I am in the process of writing a book about my experiences starting all the way back when I was first diagnosed and going through the current Intensive Outpatient Program I am in in beyond. I currently do group therapy three days a week for three hours a day, individual therapy for one hour a week, and see a psychiatrist every week. When I become more well, I will no longer have to do the IOP and will just have therapy one day a week and see the psychiatrist once a month or less. I can tell that the mania is finally waning but that means that I now feel apathetic and occasionally hopeless, which means the depression is probably about to rear its ugly head, at least for a while.
I’m sorry that I lied and I’m sorry that it took me so long to have the courage to be honest. My current diagnoses are Generalized Anxiety Disorder and Bipolar Disorder I with mixed features and anxious distress. If you’re reading this, you know someone with Bipolar Disorder. Sometimes that person needs extra help, and that’s okay. Bipolar Disorder results in a 9.2 year reduction in life expectancy and as many as one in five people with Bipolar Disorder complete suicide. One in five. That number is way too high and I’m convinced that part of the reason for it is the stigma associated with Bipolar Disorder and people not getting the help they need. So here I am, trying to be vulnerable by having the courage to show up and be seen, as Brené Brown would say.
In other news, after my hospital stay I decided it would be really great if River could be trained as a psychiatric service animal, so we are currently working on training so that she can accompany me almost anywhere and perform certain tasks for me to help ground me when I’m manic or anxious and help provide a buffer between myself and strangers so that I don’t feel crowded and become panicky. If you see her with me and she is wearing her vest, please completely ignore her. We will be going out into public for the first time as a team on Wednesday. Wish us luck!
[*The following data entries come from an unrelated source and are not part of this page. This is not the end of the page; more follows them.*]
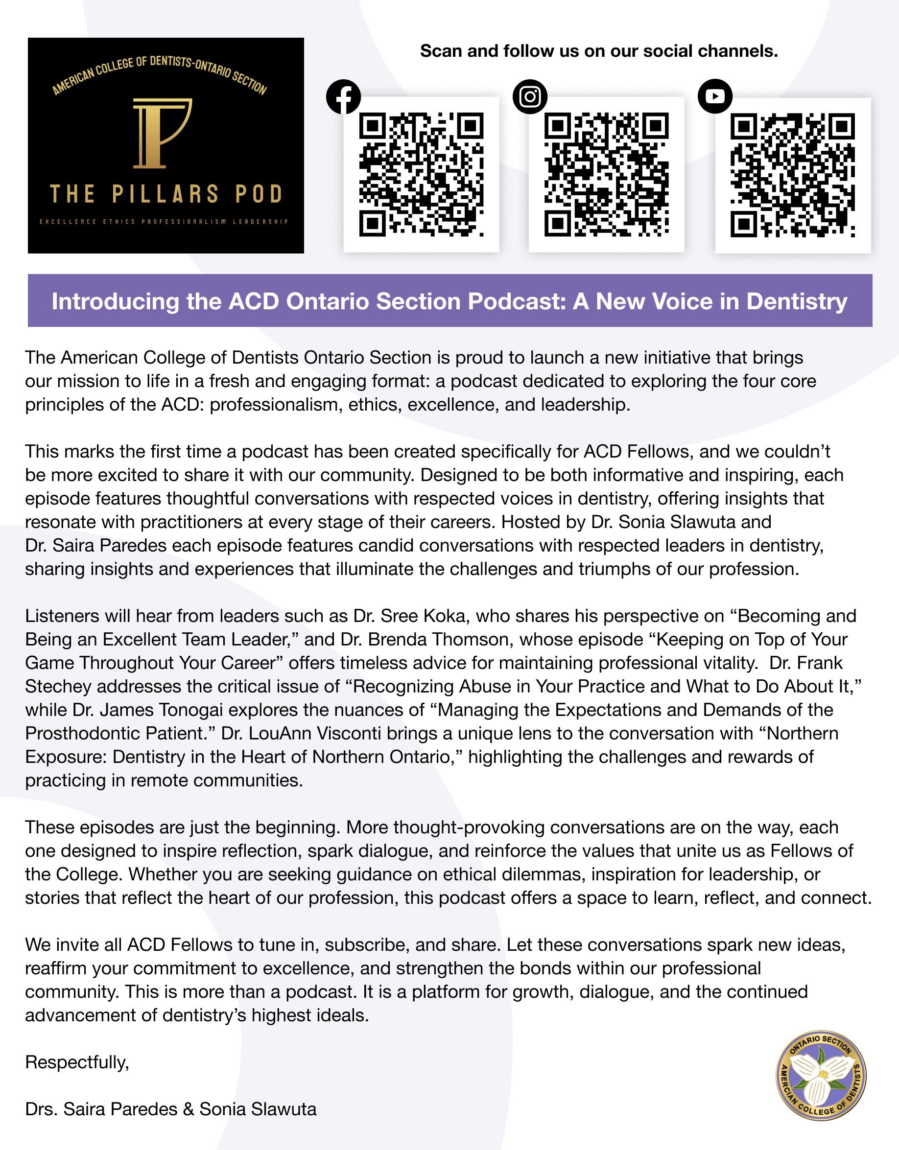 of The Pillars Pod, a podcast initiative designed to extend the ACD’s mission of advancing ethics, professionalism, leadership, and excellence beyond traditional settings. Introduced by Dr. Slawuta and Dr. Paredes, the series takes its name from the four pillars of the American College of Dentists and aims to spark thoughtful conversations about the values that guide dental professionals in practice and in life. Each episode features Fellows, educators, and emerging leaders sharing personal insights and real-world stories about ethical challenges, professional growth, and service to others.
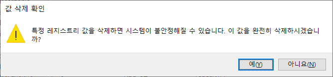 삭제 시 경고 문구가 나오고 여기서 "예(Y)" 를 선택 시 명령어가 삭제됩니다.
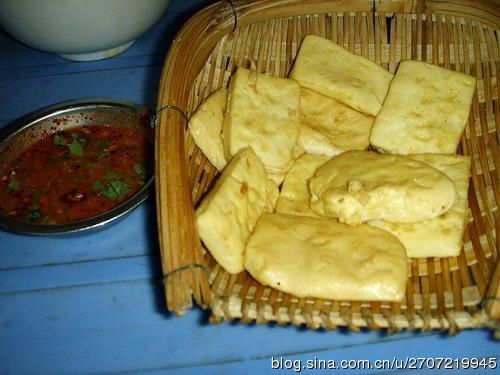 - [2012-06-30]小吃包浆豆腐 [图]简介:豆腐们伏在烧烤架上,几分钟后,包浆豆腐膨胀,噗噗地冒着热气,这时候它们是饱满的,一戳即破的样子,外皮也变得金黄金黄的,香气开始四溢。店里的用卖家提供的卤腐汁蘸碟和干椒芝麻蘸碟,这香气就不仅仅是泛滥了,开始钩人魂魄了。挟上一块颤颤微微的包浆豆腐,往汁水里一蘸,那吹弹即破的身量就开始萎缩了,浸满了汁液。再往嘴里一放,一股嫩得滴水的浆汁就涌进了嘴里,根本无需咀嚼,就这样一路滑到了胃里,带着炭火的热气。再细嚼外皮,脆脆的豆香,又是另外一番境界。这样的享受让人无法不被俘虏。我就这样顺着温热的体验滑到了包浆豆腐的世界里。 起源:云南包浆豆腐没有湖南臭豆腐有名,所谓包浆,就是外层烤熟了之后,内层却是浆液,咬下去烫口,但浆液十分香浓。包浆豆腐是红河州的一种着名小吃,九十年代初由开远市看守所旁一对开小馆子的夫妇所创,据说最初只是因为制作过程中的一次手误而成,夫妇二人试尝之,味极美,遂成为独家绝艺,之后好食之人闻香而至,久之成名。 吃法:在正常程序的制作过程后要经过捂的工序,也就相当于快速发酵。把豆腐块整齐堆放在筛子里用洁白的纱布和土布(以前自己纺的那种)包裹严实放在通风地带,如果是冷天的话还得盖上新鲜稻草,天热则盖上沙网。一般需要2到4天时间,生了则酸且硬,过了则太软,没法烤制。熟好的豆腐用炭小火慢慢烤制,不放油自然烘熟。加上用炭灰焙制的干辣椒,花椒,茴香籽,花生(碾碎) 价格:多见于夜市,均价5毛钱一块
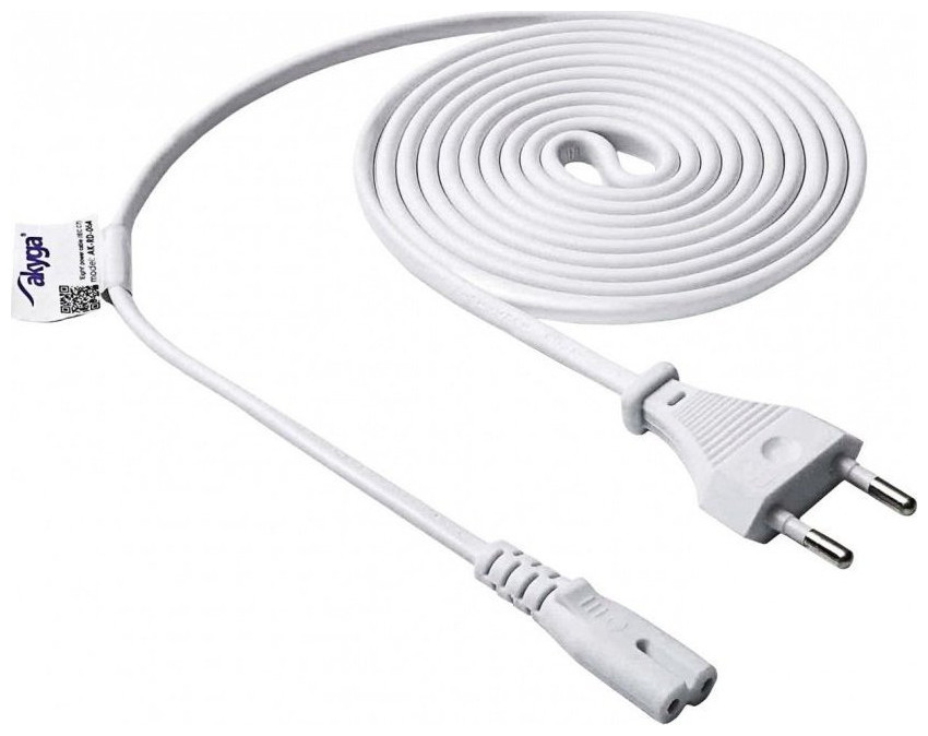 Καλώδιο τροφοδοσίας Akyga Καλώδιο τροφοδοσίας Akyga AK-RD-06A οκτάρι CCA CEE 7/16 / IEC C7 1,5 m λευκό
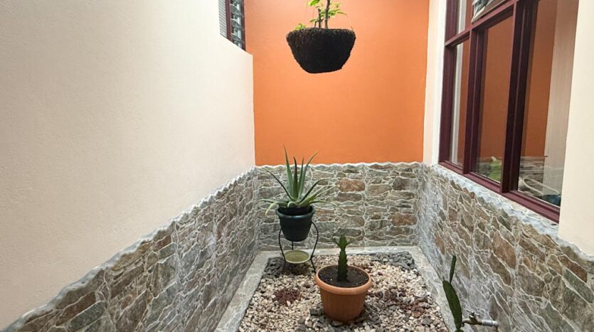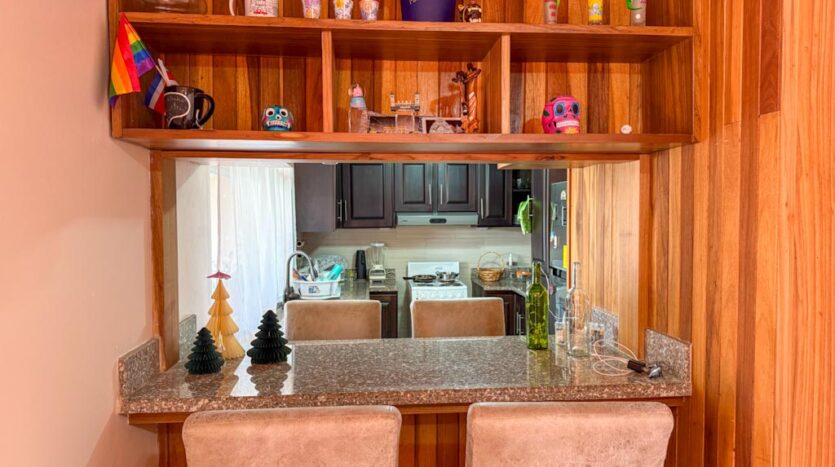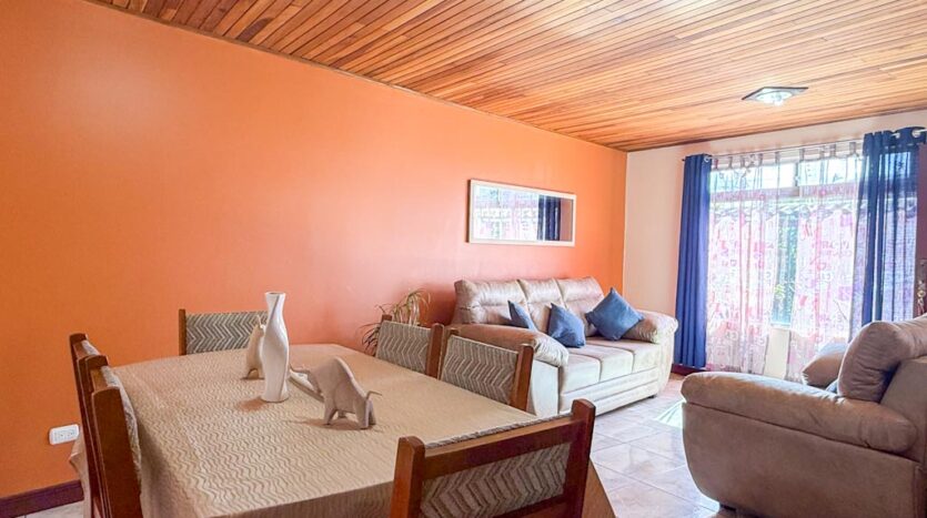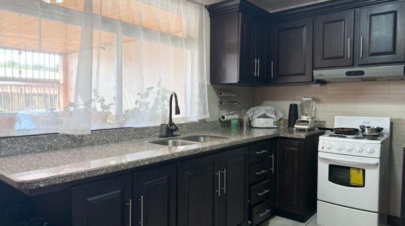 La casa es de 2 habitaciones y 2 baños con una amplia sala y comedor. Cocina amueblada con muebles en madera de Cedro y sobres en granito.
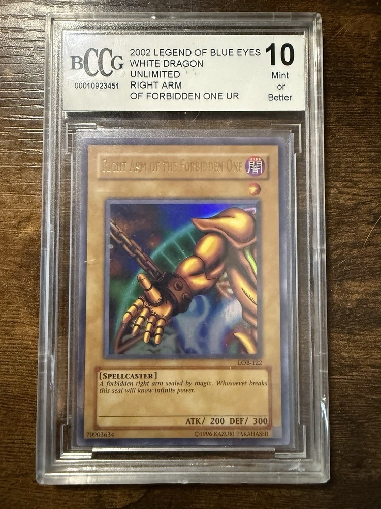 Yu-Gi-Oh TCG: 2002 Right Arm of the Forbidden One LOB-122 Ultra Rare BCCG 10 BCCG MINT 10! Slab is in perfect condition. Please review photos carefully, item pictured above are the exact items you will be receiving! Graded cards are wrapped in bubble wrap for maximum protection and shipped in a box. All orders are shipped within 48 hours! NO RETURNS! US SHIPPING ONLY!

P.S. I am very open to talking about my illness. If you have questions, feel free to ask me when you see me or shoot me a message on facebook or e-mail me at firstname.lastname@example.org
I hope you are all doing well!
UPDATE: River had training today (Wednesday) and she totally rocked it! She didn’t steal a little kid’s waffle fry, she rode the escalator even though she hated it, and she held a stay command for the duration of a large snack. She also sat behind me to act as a buffer like she was supposed to, ignored another dog, and didn’t freak out when she heard construction or saw kids jumping on trampolines. She is a natural and I can’t wait to see what working with her brings. Thank you so much to those who have donated at the link above the photo! It truly means the world to me and I am so appreciative of you investing in my quality of life!